■ Task directions:
Range to output from the entries below: the line containing "Foutvrij eiken (A/B)" through the line containing "(서울=포커스뉴스) 18일 오전". Set it down exactly, ends included, nothing else.

■ Material supplied:
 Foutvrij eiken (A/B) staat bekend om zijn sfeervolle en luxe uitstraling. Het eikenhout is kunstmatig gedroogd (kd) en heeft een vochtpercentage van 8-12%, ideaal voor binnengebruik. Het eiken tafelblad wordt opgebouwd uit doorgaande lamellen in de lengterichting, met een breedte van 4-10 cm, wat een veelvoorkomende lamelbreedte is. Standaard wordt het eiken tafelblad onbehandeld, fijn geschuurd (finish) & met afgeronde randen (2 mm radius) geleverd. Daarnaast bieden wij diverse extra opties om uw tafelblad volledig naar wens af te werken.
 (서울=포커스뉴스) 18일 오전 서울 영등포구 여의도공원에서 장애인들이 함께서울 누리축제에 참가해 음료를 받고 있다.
* * *
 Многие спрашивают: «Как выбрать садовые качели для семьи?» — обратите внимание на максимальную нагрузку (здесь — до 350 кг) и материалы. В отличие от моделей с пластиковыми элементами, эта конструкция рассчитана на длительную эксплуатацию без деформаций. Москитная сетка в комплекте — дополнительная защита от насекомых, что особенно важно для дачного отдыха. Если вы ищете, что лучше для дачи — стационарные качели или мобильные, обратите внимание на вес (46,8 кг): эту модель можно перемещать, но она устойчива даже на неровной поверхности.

■ Written reply:
 Foutvrij eiken (A/B) staat bekend om zijn sfeervolle en luxe uitstraling. Het eikenhout is kunstmatig gedroogd (kd) en heeft een vochtpercentage van 8-12%, ideaal voor binnengebruik. Het eiken tafelblad wordt opgebouwd uit doorgaande lamellen in de lengterichting, met een breedte van 4-10 cm, wat een veelvoorkomende lamelbreedte is. Standaard wordt het eiken tafelblad onbehandeld, fijn geschuurd (finish) & met afgeronde randen (2 mm radius) geleverd. Daarnaast bieden wij diverse extra opties om uw tafelblad volledig naar wens af te werken.
 (서울=포커스뉴스) 18일 오전 서울 영등포구 여의도공원에서 장애인들이 함께서울 누리축제에 참가해 음료를 받고 있다.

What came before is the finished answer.